Darauf zu hoffen, dass Putin ohne irgendein vorzeigbares Resultat seine Truppen unverrichteter Dinge wieder abziehen lässt, ist naiv. Sein Land ist Atommacht, er will im Konzert der Mächtigen mitspielen und respektiert werden. Waffenlieferungen an die Ukraine wird er als weiteren Demütigungsversuch empfinden. Ist es das wert?

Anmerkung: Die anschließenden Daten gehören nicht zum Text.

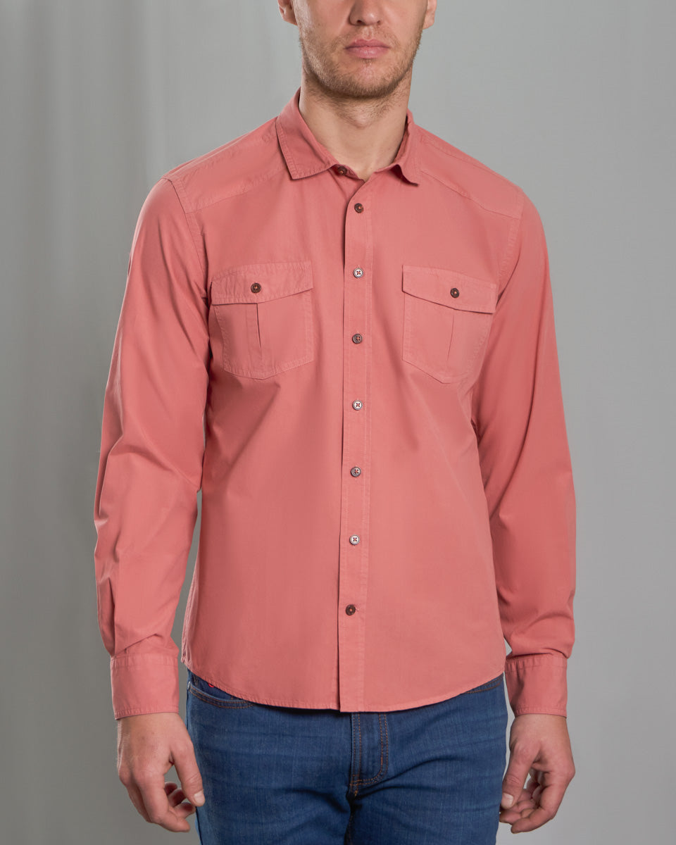 Camisa Casual color Melón con Detalles Azul en Cuello y Puños

Über Putin darf sich keiner Illusionen machen

Zu fragen ist auch, ob solche Waffen in einem Krieg das Leiden vergrößern. Die Ukraine kann Russland militärisch nicht Paroli bieten. Sollte sie es mit Hilfe westlicher Waffen versuchen, könnte Putin das als Vorwand nehmen, noch härter zuzuschlagen. Die Ukraine hat, wie jedes souveräne Land, das Recht auf Selbstverteidigung. In welchem Umfang sie davon Gebrauch macht, muss sich auch an den Erfolgsaussichten messen lassen.

Über Putin darf sich keiner Illusionen machen. Er hat Georgien und die Ukraine überfallen, unterstützt Syriens Assad, lässt Dissidenten ermorden, höhlt die Demokratie aus, wo immer es geht. Die Bedingungen, die er der Nato stellt, sind inakzeptabel.

Doch die Strategie, wie er von einer weiteren Invasion in die Ukraine abgehalten werden kann, erfordert neben Brustgetrommel vor allem Klugheit. Die Kriegsgefahr ist immer dann am größten, wenn ein Aggressor nichts zu befürchten oder nichts mehr zu verlieren hat. Da eine Nato-Mitgliedschaft Georgiens und der Ukraine ohnehin nicht akut ist, könnte sie etwa, befristet auf zehn Jahre, auf Eis gelegt werden. Vielleicht gibt sich Putin mit einem solchen Mini-Triumph zufrieden. Es käme auf einen Versuch an.